Below is the complete code –

from gtts import gTTS
from googletrans import Translator
import pygame
import os

def translate_text(text, dest_language):
    translator = Translator()
    translation = translator.translate(text, dest=dest_language)
    return translation.text

def text_to_audio(text, language):
    mp3_file = f'{language}_output.mp3'
    should_clean_up_file = True
    try:
        tts_file = gTTS(text=text, lang=language, slow=False)
        tts_file.save(mp3_file)
        pygame.mixer.init()
        pygame.mixer.music.load(mp3_file)
        pygame.mixer.music.play()
        while pygame.mixer.music.get_busy():
            pygame.time.Clock().tick(15)
    finally:
  
        if os.path.exists(mp3_file) and should_clean_up_file:
            os.remove(mp3_file)


def main(english_text, target_language='en'):

    translated_text = translate_text(english_text, target_language)
    print(f"English Text: {english_text}")
    print(f"Translated Text: {translated_text}")

    text_to_audio(translated_text, target_language)

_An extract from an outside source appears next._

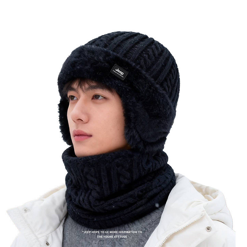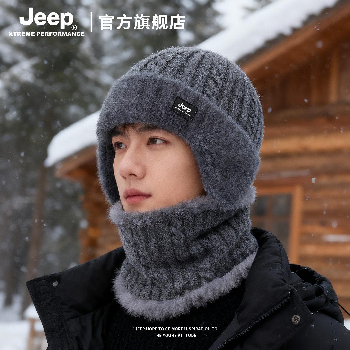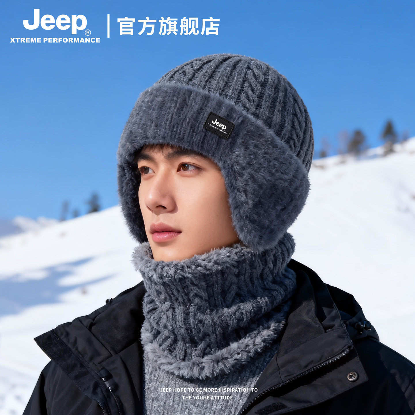 jeep吉普男士冬季毛线帽加绒保暖户外骑行围脖防风针织护耳帽子男
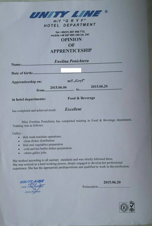 Na zakończenie uczestnik szkolenia otrzymuje pisemne zaświadczenie o odbyciu praktyki na promie. Zaświadczenie w formie opinii, w dwóch wersjach językowych zawiera zakres wykonywanych prac, okres odbywania praktyk oraz ocenę.

if __name__ == "__main__":
    english_text = "Hello, welcome to the world of text-to-speech conversion using Python."
    target_language = 'es'  # Spanish
    main(english_text, target_language)

Input1 – English to Spanish:

english_text = "Hello, welcome to the world of text-to-speech conversion using Python."
target_language = 'es'  # Spanish
main(english_text, target_language)

Output:

English to Spanish translation

Audio output:

Spanish Audio file

This would have created an es_output.mp3 in your current folder which would be played by pygame

Input2 – English to Japanese:

english_text = "Hello, welcome to the world of text-to-speech conversion using Python."
target_language = 'ja'  # Japanese
main(english_text, target_language)

Output:

English to Japanese translation

Audio output:

Japanese Audio file

This would have created an ja_output.mp3 in your current folder which would be played by pygame

Applications and Use Cases

  • Accessibility – This can be easily integrated into a Tourism app or a website which can greatly help people who want to explore a foreign country where they don’t speak the native language, to travel with confidence
  • Language Learning – If someone is interested in learning a new language, we can leverage this tool to self-teach. We simply input the text we want translated and we get the converted text along with audio which can also help with pronunciation
  • Content Consumption – For people who want to multi-task, say listening to an audiobook while driving, this tool would be handy as it can read out the contents in a pace that you prefer
  • Multilingual Communication – In today’s world where multinational deals are common, having the power to articulate your thoughts, and business proposals to anyone in any language is a powerful asset that can make or break deals

Conclusion

There isn’t a space that can’t be benefited by this application. It’s simple to build but its benefits are vast. By developing this tool we not only have solved a real-world problem that many people face but have also learnt how we can use Python to make API calls,

initialize objects, invoke methods, functional programming, and try catch and clean up files after its use. Once you have mastered these and want a challenge you can try building an interactive GUI and host it in a web server to make it more user-friendly and add features like – the option to change pronunciation, pace, etc. The possibilities are endless and hope you keep pushing the boundaries of how we can use technology/coding to advance humankind.